A cifra, classificada pelas autoridades como um “novo marco”, inclui aproximadamente 400.000 deportações realizadas por agentes de imigração e cerca de 1,6 milhões de saídas voluntárias, segundo estimativas do próprio DHS.

Os números não mentem: 2 milhões de migrantes ilegais saíram do país em apenas 250 dias, assegurou a secretária adjunta Tricia McLaughlin, que atribuiu os resultados à política migratória do presidente Donald Trump e à “mão firme” de sua secretária de Segurança Nacional, Kristi Noem.

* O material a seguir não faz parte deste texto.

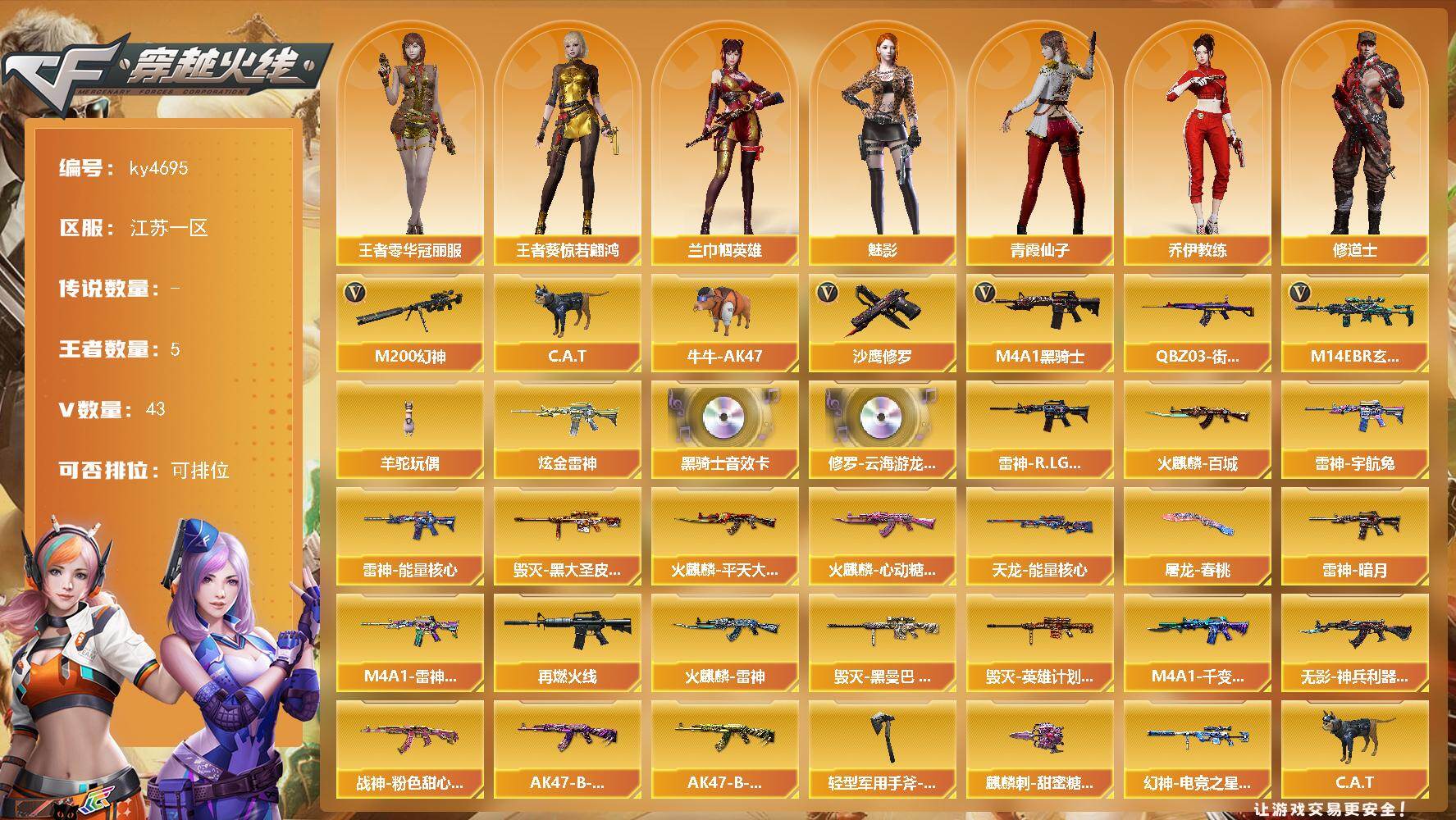 [15400646]江苏一区-43V-5王者-1炫金 【热门武器】:M14EBR-玄武,M200-幻神,QBZ03-街机,C.A.T,牛牛-AK47,M4A1-黑骑士,羊驼玩偶,沙鹰-修罗 【王者炫金武器】:炫金雷神 【音效卡】:修罗-云海游龙音效卡,M4A1-黑骑士音效卡 【皮肤】:幻神-电竞之星 皮肤,雷神-暗月,雷神-能量核心,雷神-R.LGD-CFPLS18冠军,雷神-宇航兔皮肤,M4A1-雷神-巅峰荣耀皮肤,M4A1-再燃火线,火麒麟-雷神,火麒麟-平天大圣,火麒麟-百城*2,火麒麟-心动糖果,毁灭-黑大圣皮肤,毁灭-黑曼巴 皮肤,毁灭-英雄计划 皮肤,M4A1-千变-孔明皮肤,无影-神兵利器 皮肤,战神-粉色甜心皮肤,AK47-B-常胜将军-曹操,AK47-B-常胜将军-孙权,天龙-能量核心,屠龙-春桃 皮肤,轻型军用手斧-再燃火线,麒麟刺-甜蜜糖果 皮肤 【角色】:魅影,兰-巾帼英雄,王者零-华冠丽服,王者葵-惊若翩鸿,奇洋探员,乔伊教练,修道士,云海玲珑,空,电竞少女,飞虎队-X,风暴女,虎妞,嘉年华灵狐,娟娟,兰-新年限定,灵狐-花神,龙儿,麻雀,萌儿,潘多拉-X,潘多拉-甜心教官,潜龙队-X,青霞仙子,斯沃特-X,兔囡囡,雪莉杨-摸金校尉,樱-战斗天使,影武者-X 【人偶武器】:M4A1-雷神-精英刀锋,AWM-灵狐-15周年嘉年华*2,海滩汪汪-巴雷特,C.A.T,牛牛-AK47,迷你波特博士,迷你火种,生化手雷-机甲核心*2,深渊终结者手雷*2,迷你超能女侍 【暴走生化】:黑龙吞噬者,超级对讲机 【挑战大师】:冰龙粉碎者-白马银枪,神圣爆裂者-末日III 【英雄级武器】:AK47-火麒麟*2,M4A1-雷神,M4A1-黑骑士,AK47-无影,AK47-黑武士,AK12-天启,M14EBR-玄武,无影-神兵利器,烈火-动感闪耀,王者之魄-觉醒版,天启-悦智-觉醒版,AK-47-猩红传说*2,王者芳薇-觉醒版,AWM-天龙,Barrett-毁灭*2,M200-幻神,Barrett-朱雀,烈龙-云海游龙*2,沙鹰-修罗,沙鹰-天神,天神-动感闪耀,龙啸,麒麟刺,屠龙-动感闪耀,擎天-云海游龙,麒麟刺-百战金芒,高爆手雷-幻灵,手雷-动感闪耀,手雷-云海游龙,手雷-热带奇洋,高爆手雷-玄豹,闪光弹-幻灵,闪光弹-玄豹,烟雾弹-幻灵 【道具】:BS战队炫彩背包,云海游龙

No entanto, o número gerou ceticismo entre analistas e defensores dos direitos humanos, que alertam sobre a falta de transparência na metodologia utilizada para calcular os supostos processos de autodeportação.

Também não foram oferecidos dados detalhados sobre nacionalidades nem condições de saída.

Em paralelo, o DHS assegurou que a Patrulha Fronteiriça não liberou nenhum migrante em território americano durante os últimos quatro meses, no âmbito do que denominam “fechamento de fronteiras” impulsionado desde janeiro pela atual administração.

Uma pesquisa citada pelo DHS e atribuída às Nações Unidas indicaria que as novas políticas têm desencorajado em 97% a migração irregular da América Central para o norte, embora esse dado ainda não tenha sido corroborado por agências independentes.

Desde seu retorno à presidência em janeiro, Trump reforçou o sistema de controle migratório por meio de novas instalações de detenção, maior orçamento para o ICE e a assinatura de mais de 1.000 acordos de colaboração 287(g) com forças policiais locais em 40 estados.

Organizações pró-migrantes alertaram sobre o impacto humano dessas políticas e a possível violação de direitos básicos nos processos de expulsão acelerada.

Também foi questionado o conceito de “autodeportação”, usado pelo DHS para incluir pessoas que, em muitos casos, deixam o país diante de ameaças de detenção ou sem acesso à representação legal.

Até o momento, o DHS não especificou quantos cubanos estariam incluídos nas cifras divulgadas, nem detalhou quantos dos migrantes partiram para terceiros países como parte do novo programa de deportações extraterritoriais.